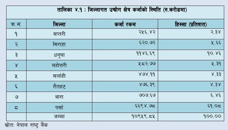गत आर्थिक वर्षमा यस्तो कर्जा एक खर्ब दुई अर्ब १३ करोड रुपैयाँ रहेको थियो । समीक्षा वर्षमा मधेश प्रदेशमा औद्योगिक क्षेत्रमा प्रवाहित कर्जा मध्ये सबैभन्दा बढी कर्जा पर्सा जिल्लामा ६१ दशमलव आठ प्रतिशत र सबै भन्दा कम सप्तरी जिल्लामा दुई दशमलव ३४ प्रतिशत रहेको छ । मधेश प्रदेशमा सब भन्दा धेरै उद्योगहरू पर्सा जिल्लामा रहेकोले पर्सा जिल्लामा सबैभन्दा बढी औद्योगिक कर्जा प्रवाह छ ।
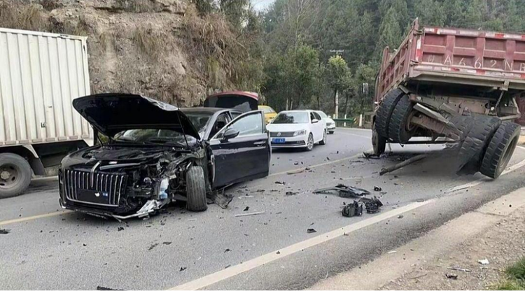 在网友的生活记录中,有一则红旗H5与大货车发生碰撞的真实案例,视频中,大货车的后轮轮毂、刹车部件甚至整个后桥壳体发生断裂、脱落,传动轴也出现严重损坏,看起来非常严重;而红旗H5车头部分出现明显溃缩和损坏,但驾驶舱主体结构保持完整。
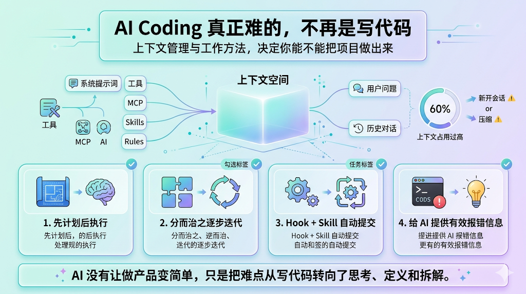 下面我们在看 AI Coding中,已经被反反复复验证的一些最佳实践:
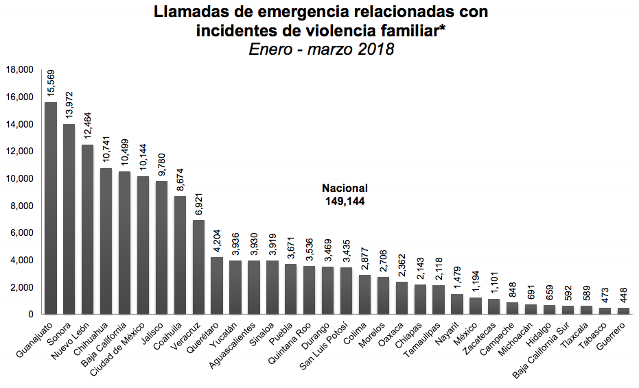 De acuerdo con el Informe Delictivo y de Emergencias con Perspectiva de Género, elaborado por el Secretariado Ejecutivo del Sistema Nacional de Seguridad Pública (SESNSP), cerca de la mitad de las llamadas atendidas por el 911 -tres mil 930, para ser exactos- tuvieron que ver con violencia familiar, a un ritmo de 43 por día.
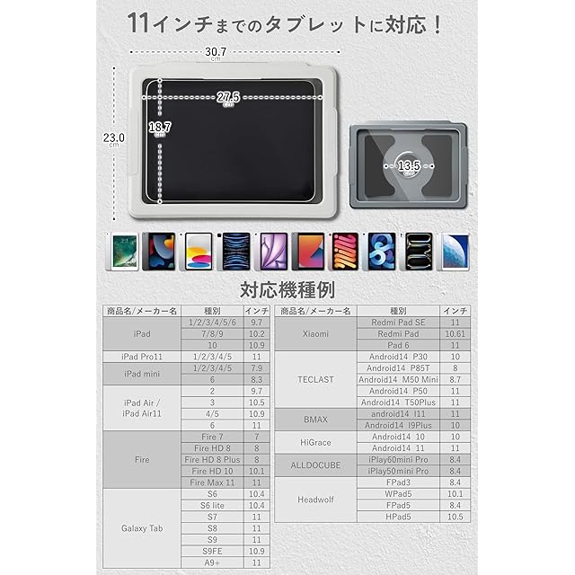 ✅11インチまでのすべてのタブレットに対応しており、強度の高い壁掛け用のシールが本体をしっかり支えます。取り付けは簡単3STEP。1.壁を乾いたタオルでキレイに拭く。2.壁掛け用のシールを貼る。3.シールに施されている2つの突起に対してアームを差し込み完成。※しっかり取り付けられているか確認するために2時間程度そのまま放置することをお勧めします。

## Task statement
Write out the data word for word, with every picture dropped.

## Task answer
गत आर्थिक वर्षमा यस्तो कर्जा एक खर्ब दुई अर्ब १३ करोड रुपैयाँ रहेको थियो । समीक्षा वर्षमा मधेश प्रदेशमा औद्योगिक क्षेत्रमा प्रवाहित कर्जा मध्ये सबैभन्दा बढी कर्जा पर्सा जिल्लामा ६१ दशमलव आठ प्रतिशत र सबै भन्दा कम सप्तरी जिल्लामा दुई दशमलव ३४ प्रतिशत रहेको छ । मधेश प्रदेशमा सब भन्दा धेरै उद्योगहरू पर्सा जिल्लामा रहेकोले पर्सा जिल्लामा सबैभन्दा बढी औद्योगिक कर्जा प्रवाह छ ।
 在网友的生活记录中,有一则红旗H5与大货车发生碰撞的真实案例,视频中,大货车的后轮轮毂、刹车部件甚至整个后桥壳体发生断裂、脱落,传动轴也出现严重损坏,看起来非常严重;而红旗H5车头部分出现明显溃缩和损坏,但驾驶舱主体结构保持完整。
 下面我们在看 AI Coding中,已经被反反复复验证的一些最佳实践:
 De acuerdo con el Informe Delictivo y de Emergencias con Perspectiva de Género, elaborado por el Secretariado Ejecutivo del Sistema Nacional de Seguridad Pública (SESNSP), cerca de la mitad de las llamadas atendidas por el 911 -tres mil 930, para ser exactos- tuvieron que ver con violencia familiar, a un ritmo de 43 por día.
 ✅11インチまでのすべてのタブレットに対応しており、強度の高い壁掛け用のシールが本体をしっかり支えます。取り付けは簡単3STEP。1.壁を乾いたタオルでキレイに拭く。2.壁掛け用のシールを貼る。3.シールに施されている2つの突起に対してアームを差し込み完成。※しっかり取り付けられているか確認するために2時間程度そのまま放置することをお勧めします。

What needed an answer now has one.